▶ **Exercise**
What you give back from the listing below should be an exact copy of the lines from the one with "the waters | |" down to the one with "Toyota MR2 Turbo", and it should contain no pictures.

▶ **Given material**

════

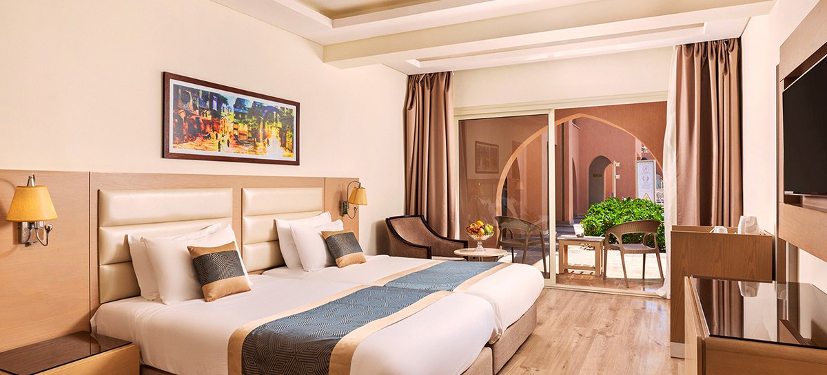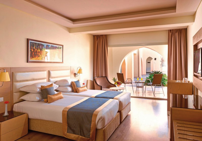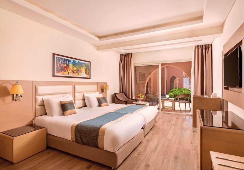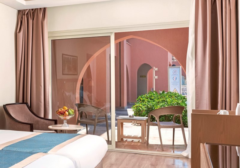 Ihr wohnt in Zimmern mit Balkon oder Terrasse, wahlweise mit Garten- oder Poolblick. Klimaanlage und Minibar bzw. Minikühlschrank sorgen für konstante Erfrischung, der Safe schützt Wertsachen. Zur Grundausstattung zählen TV, Telefon, WiFi und Schreibtisch; Fliesen- oder Parkettboden unterstreicht die klare, pflegeleichte Anmutung.
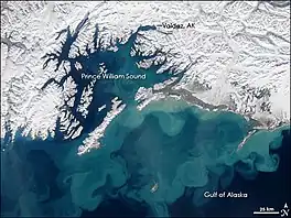 ![]() A view of the Gulf of Alaska from space, showing swirling sediment in the waters | |
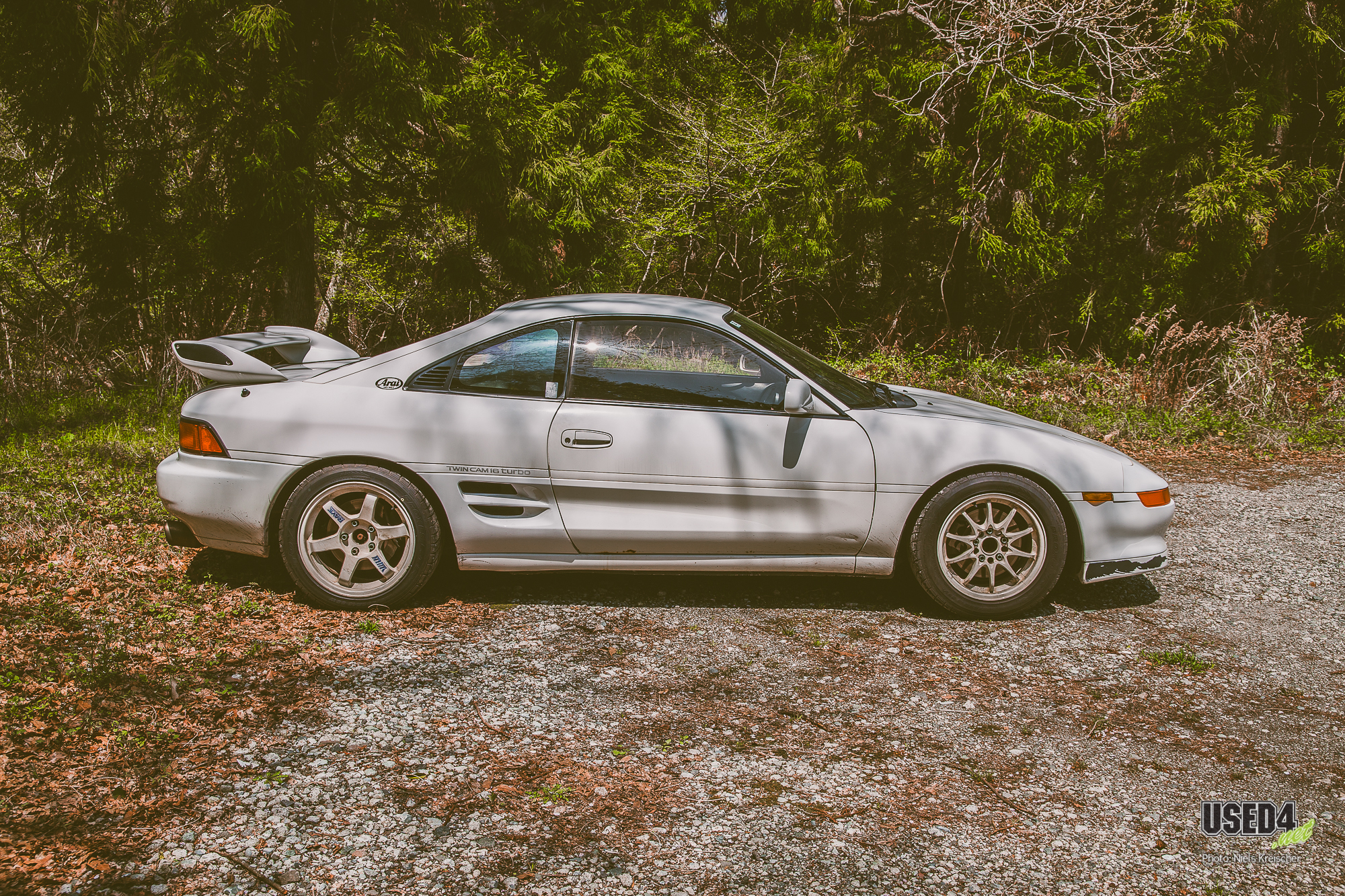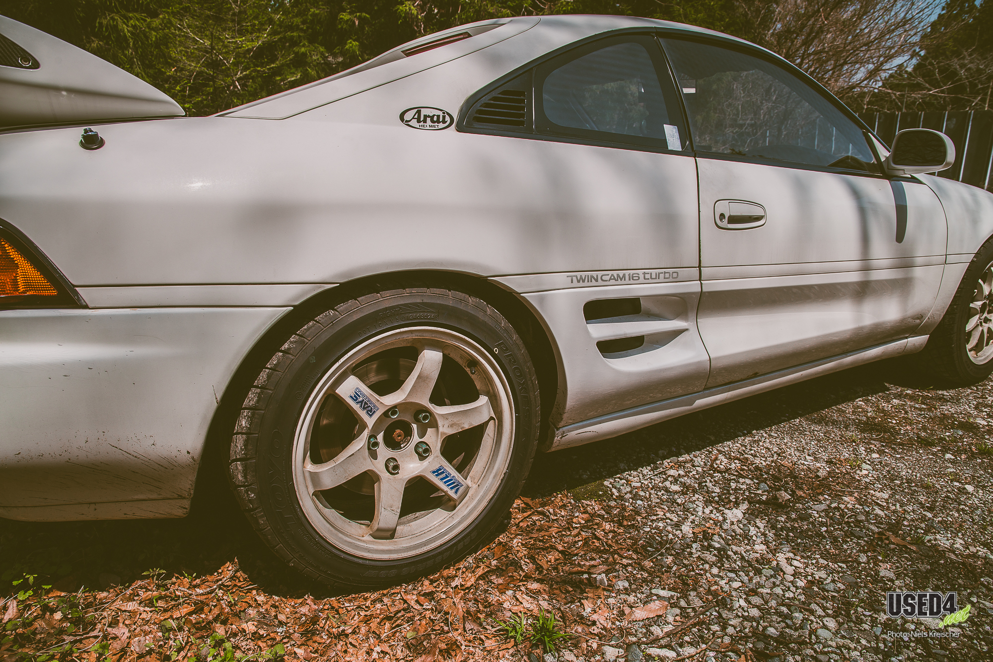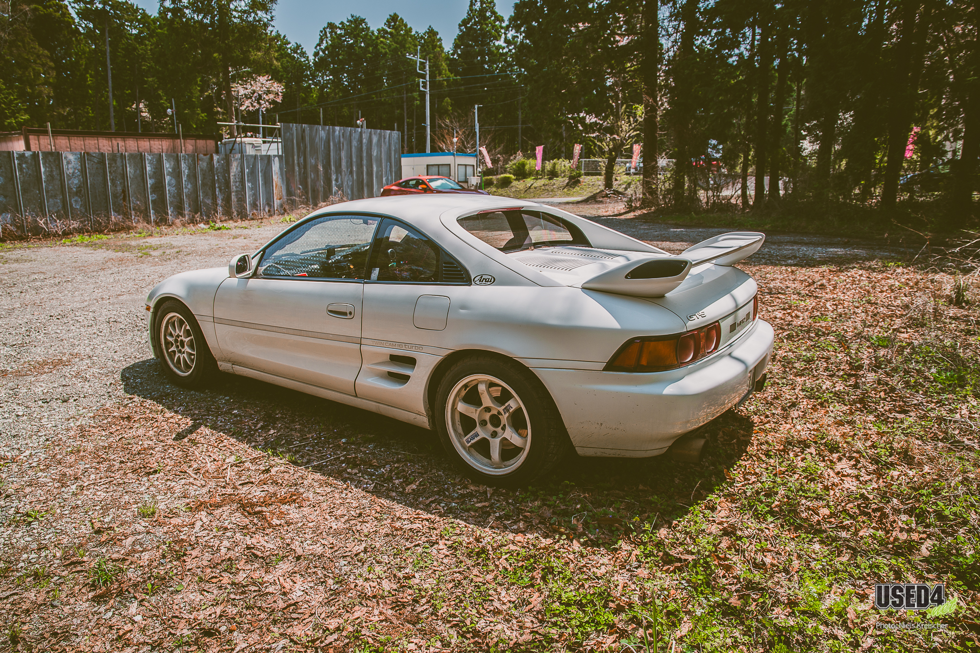 Toyota MR2 Turbo (W2) mit 3S-GTE, Mismatch-Wheels (TE37 an der HA und CE28N an der VA) und einem ganz besonderen Lenkrad, das weniger dem Umgreifen, sondern mehr dem Angriff dient.
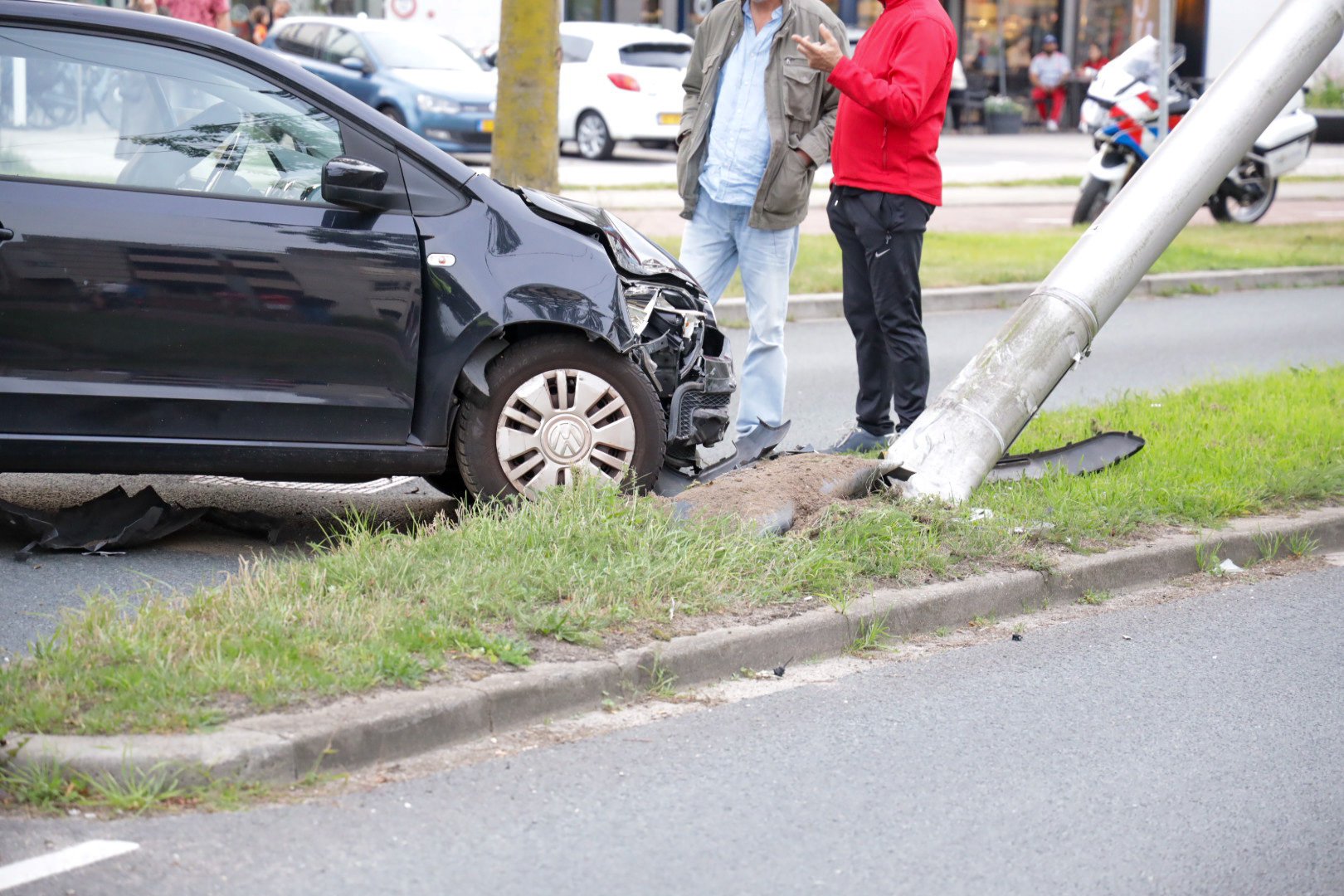 Volgens een agent raakte niemand ernstig gewond. De weg is dicht voor het bergen van de auto’s en het verwijderen van de lantaarnpaal.

════

▶ **Response area**
 ![]() A view of the Gulf of Alaska from space, showing swirling sediment in the waters | |
 Toyota MR2 Turbo (W2) mit 3S-GTE, Mismatch-Wheels (TE37 an der HA und CE28N an der VA) und einem ganz besonderen Lenkrad, das weniger dem Umgreifen, sondern mehr dem Angriff dient.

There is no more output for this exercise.